Step 2. Creating an initial URL

First, I wanted to see if I would be successful in using this API to get data into JSOn after creating a URL.

I started by creating an R script and loading in appropriate packages. Then I added objects for the endpoint and list of fields that I wanted. I made these into a URL then utilized the GET() function to retrieve the data which I converted to a text from the JSON format. Finally, i was able to view the single page data frame using use_series(data).

For my loop, I first created an empty data frame for each page to fit nicely into.

I used the i variable for the computer to recognize I wanted multiple pages.

A status message was also inserted to show how many pages of the data had been collected

(DO NOT RUN: copied from original R script)

library(jsonlite)  # Converting json data into data frames
library(magrittr)  # Extracting items from list objects using piping grammar
library(httr)      # Interacting with HTTP verbs

### Initial URL build 

inst_endpoint <-
  "https://api.artic.edu/api/v1/artworks"

fields <- paste("id",
           "title",
           "artist_display",
           "date_display",
           "fiscal_year",
           "has_not_been_viewed_much",
           "is_on_view",
           "page",
           sep = ","
           )


inst_api_url <- paste0(inst_endpoint, "?fields=", fields, sep = "")

inst_api_url 

inst_api_url_response <- GET(inst_api_url)

inst_api_url_data <- 
 inst_api_url_response %>% 
  content(as = "text",
          encoding = "UTF-8") %>% # UTF-8 is the <near> universal standard
  fromJSON()

inst_api_url_data %>%
  use_series(data) %>%
  view()





# create empty data frame
inst_api_df <- data.frame()

# Loop through the first 7 pages
for (i in 1:7) {
  page_data <- inst_api_GET_df(page = i)
  
  inst_api_df <- bind_rows(inst_api_df, page_data)
  
  # Status message
  message("Page ", i, " of 7 collected.")
  
  # Pause between requests to avoid rate limiting
  if (i < 7) Sys.sleep(3)
}

This was good practice to see that I could actually use the API, but I wanted to gather at least 7 pages of artwork data that I could use to analyze so I decided to make a function and loop to grab the rest.

Step 3. Putting the API call into a function and looping through 7 pages

I only wanted the API function to collect different pages, I wanted my fields to stay the same. There were also no specific filters I wanted to add to the fields so the only function parameter I added was page.
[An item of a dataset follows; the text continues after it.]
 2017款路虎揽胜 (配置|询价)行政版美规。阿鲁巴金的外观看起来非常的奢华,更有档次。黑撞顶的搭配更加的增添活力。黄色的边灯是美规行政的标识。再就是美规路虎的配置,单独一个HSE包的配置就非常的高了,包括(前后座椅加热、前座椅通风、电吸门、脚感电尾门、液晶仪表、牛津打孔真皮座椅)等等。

I also only wanted the data portion of the request to be collected, so in my return I added data$data.

(DO NOT RUN: copied from original R script)



inst_api_GET_df <- function(page) {
  # Define endpoint and fields
  inst_endpoint <- "https://api.artic.edu/api/v1/artworks"
  
  fields <- paste(
    "id",
    "title",
    "artist_display",
    "date_display",
    "fiscal_year",
    "has_not_been_viewed_much",
    "is_on_view",
    sep = ","
  )
  
  # Build full URL for given page
  inst_api_GET <- paste0(inst_endpoint, "?fields=", fields, "&page=", page)
  
  # Make GET request
  response <- GET(inst_api_GET)
  
  # Convert JSON to data frame
  data <- content(response, as = "text", encoding = "UTF-8") %>%
    fromJSON(flatten = TRUE)
  
  # Return just the artwork data portion
  return(data$data)
}

Step 4. Creating a csv file from the API Call and adding it to qmd/rmd. file

After I successfully pulled 7 pages of data, I turned the R data frame into a csv file that I could automatically load into a Quarto document like this one. I wanted to show an example of using this data link with a simple histogram visualization

#| echo: false
#| message: false
#| warning: false

# libraries, yo
library(tidyverse)
── Attaching core tidyverse packages ──────────────────────── tidyverse 2.0.0 ──
✔ dplyr     1.1.4     ✔ readr     2.1.5
✔ forcats   1.0.0     ✔ stringr   1.5.1
✔ ggplot2   3.5.2     ✔ tibble    3.3.0
✔ lubridate 1.9.4     ✔ tidyr     1.3.1
✔ purrr     1.1.0     
── Conflicts ────────────────────────────────────────── tidyverse_conflicts() ──
✖ dplyr::filter() masks stats::filter()
✖ dplyr::lag()    masks stats::lag()
ℹ Use the conflicted package (<http://conflicted.r-lib.org/>) to force all conflicts to become errors
# Loading in my data, bro.

art_inst_df <- read_csv("https://myxavier-my.sharepoint.com/:x:/g/personal/mccarthyc9_xavier_edu/EefsWa9rpGNJqX5jOyI2ufYB_b8kZ8SbsWJCJvaGKyYv6g?download=1")
Rows: 84 Columns: 7
── Column specification ────────────────────────────────────────────────────────
Delimiter: ","
chr (3): title, date_display, artist_display
dbl (2): id, fiscal_year
lgl (2): has_not_been_viewed_much, is_on_view

ℹ Use `spec()` to retrieve the full column specification for this data.
ℹ Specify the column types or set `show_col_types = FALSE` to quiet this message.
art_inst_df %>%
  ggplot(aes(x = nchar(title))) +
  geom_histogram(binwidth = 5, fill = "steelblue", color = "white") +
  labs(
    title = "Distribution of Artwork Title Lengths",
    x = "Number of Characters in Title",
    y = "Count"
  )